Yes, any variable defined in the SET , MERGE or UPDATE is automatically saved (not indicated at the top of the data step loop). You can effectively ignore this with
output; call missing(of <list of variables to clear out>); run;
at the end of the data step.
This is how MERGE works for one-to-one mergers, by the way, and the reasons why many-to-many merges don't usually work the way you want.

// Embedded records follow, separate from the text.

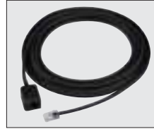
• OPC-440 MIC EXTENSION CABLE 5.0m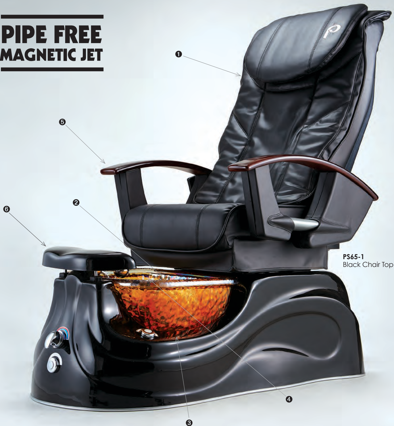
PS65-1 Black Chair Top

❶ Deep Kneading, tapping and rolling shiatsu massage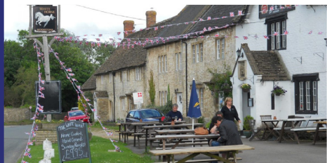
Biddestone, the picturesque backdrop for Agatha Raisin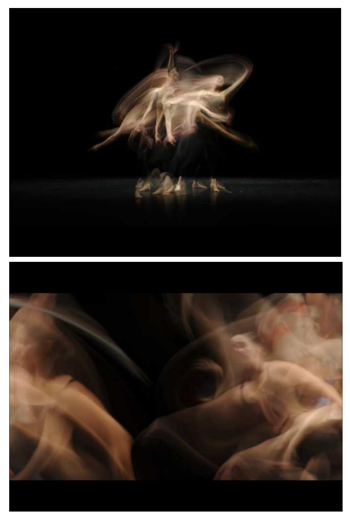
Figs. 7 and 8 Labanimations 2 and 3 (studies of dynamic stress)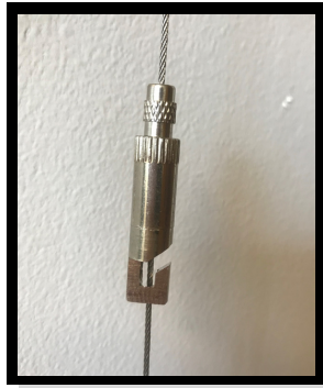
Slim Hook Gripper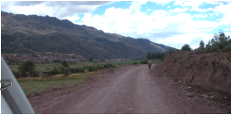
On a road just outside of the city.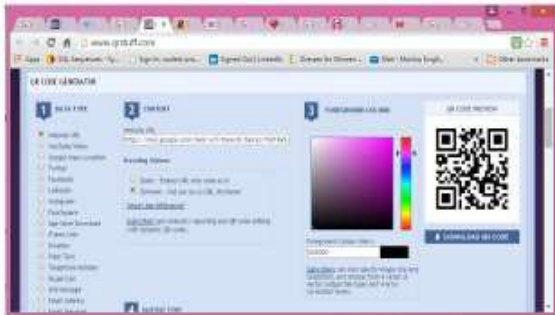
Fig2. Generating QR Code using "QRStuff"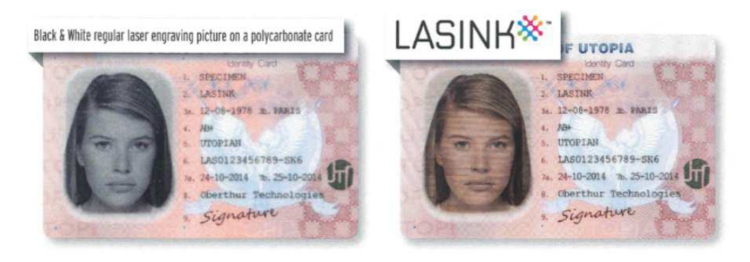
Fig.3 Black and white picture polycarbonate document (Unpublished materials of the State Border Guard.)

Laser engraving is always black and white, as the data is laser embedded in one of the polycarbonate layers. Tactile The peculiarity of laser engraving is that it differs from laser engraving - letters or numbers can be touched and explored in the side light, as a relief effect is created. Laser engraving is also used on the polycycarbonate document to create a color image, but on a preprinted line matrix (Unpublished materials of the State Border Guard).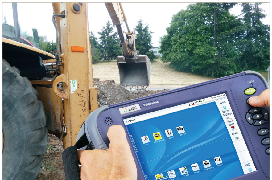
Portable and upgradeable platform with interchangeable test modules increases technician productivity

The flexibility of interchangeable module carriers and various plug-in modules let users create a platform that meets today's specific testing needs and yet it can evolve seamlessly to meet tomorrow's ever-changing network requirements.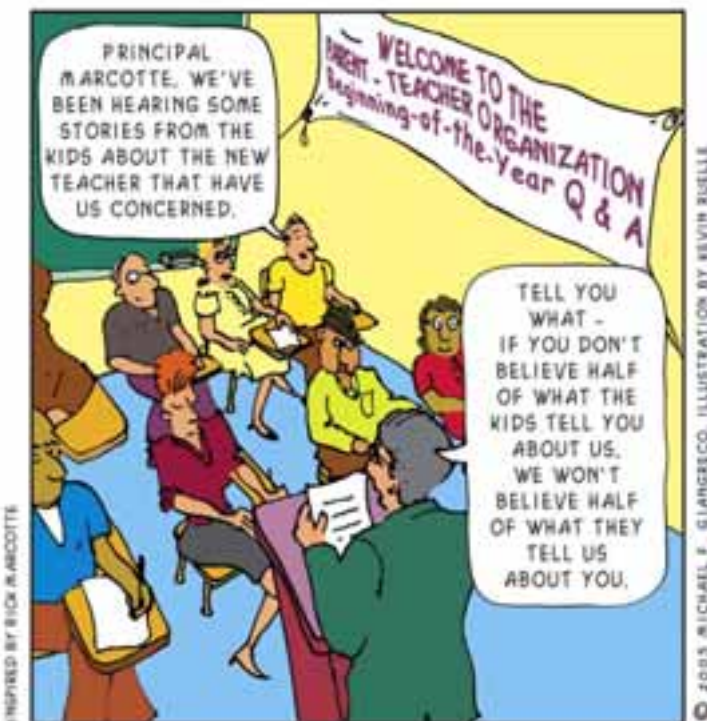
PARENTS AND TEACHERS MEET HALFWAY.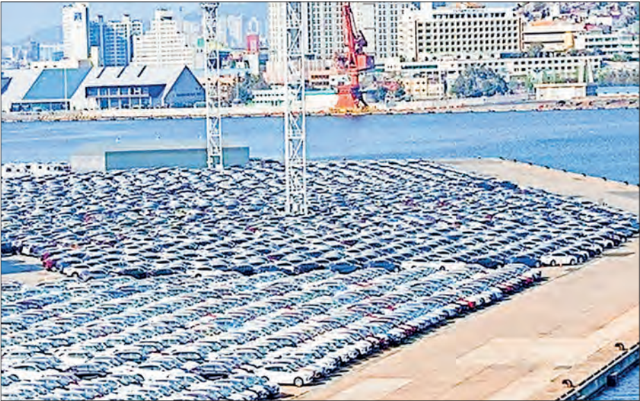
Sales of electric vehicles, on the other hand, dropped 21.2 per cent to 91,385 units in 2024, the data showed.

SOUTH Korean carmakers’ domestic sales of eco-friendly cars hit a new record last year, driven by the popularity of hybrid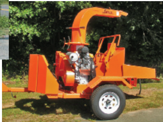
Model 8637, 37HP, B&S EFI, Gas

Two (2), bed knives, one vertical and one horizontal enables chipping stringy material such as palm fronds and vines.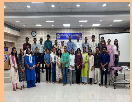
National Librarian Day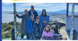
We visited the beautiful Uruguayan coast with my in-laws.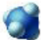
Ammonium ion ( \text{NH}_4^+ )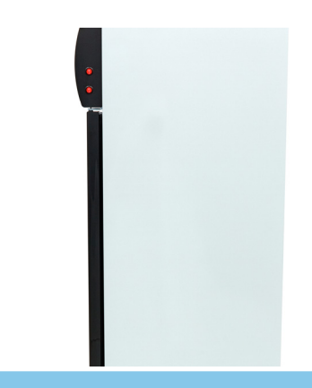
Easy to operate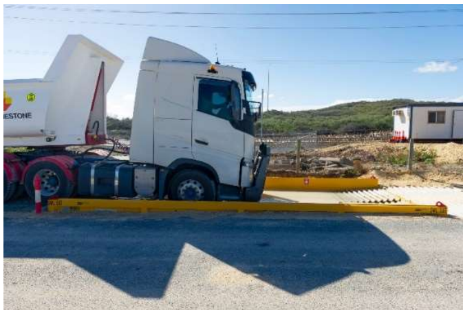
Truck exiting the southern breakwater site via a wheel washer

We will continue to work with the Contractor to identify the most appropriate, reasonable measures for both preventing and suppressing any potential dust from the site and to meet the expectations of our neighbours.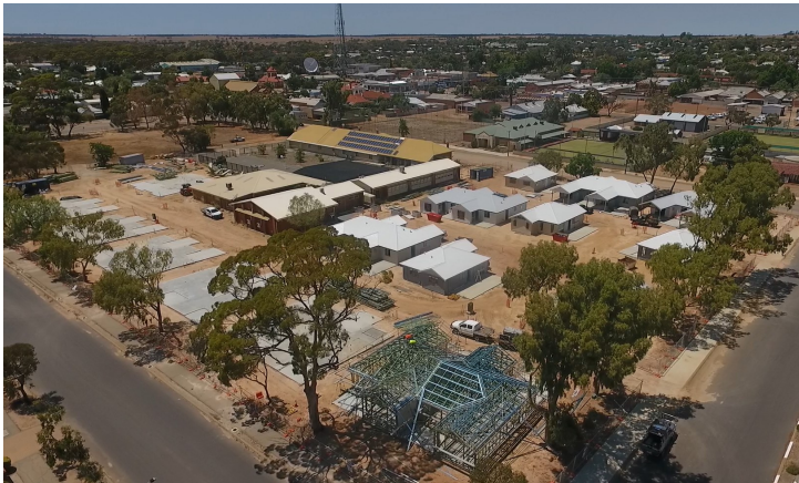
Above: Work steadily progressing with the Independent Living Units

The difference between โtogetherโ and โseparateโ cases is that in a separate case you have two data sets with different variables. If you run it interactively, i.e. SAS Program Editor or Enhanced Editor (not EG or batch mode), you can use the data step debugger to see it a little more clearly. You will see the following:
At the end of the last row of the ones dataset:
i AB 3 1 .
Notice B exists but is missing. It then returns to the top of the data step loop. All three variables remain valid because they are all from data sets. Then it tries to read from ones again, which generates:
i AB . . .
Then he realizes that he cannot read from ones and begins to read from numbers . At the end of the first row of the numbers dataset:
i AB . . 1
Then it will move to the top, change nothing again; then he reads in 2 for B.
i AB . . 2
Then it sets A to 2 for your program:
i AB . 2 2
Then it returns to the beginning of the data step cycle.
i AB . 2 2
Then it reads in B = 3:
i AB . 2 3
Then he continues the cycle, for B = 4, 5.
Now compare this to a single dataset. It will be almost the same (with a slight difference when switching between data sets that do not give another result). Now go to the step where A = 2 B = 2:
i AB . 2 2
Now, when the data step is read in the next line, it has all three variables on it. Thus, it gives:
i AB . . 3
Since it reads in =. from the line, he sets its absence. In the version with one data type, it had no value for reading A, so it did not replace 2 with the missing one.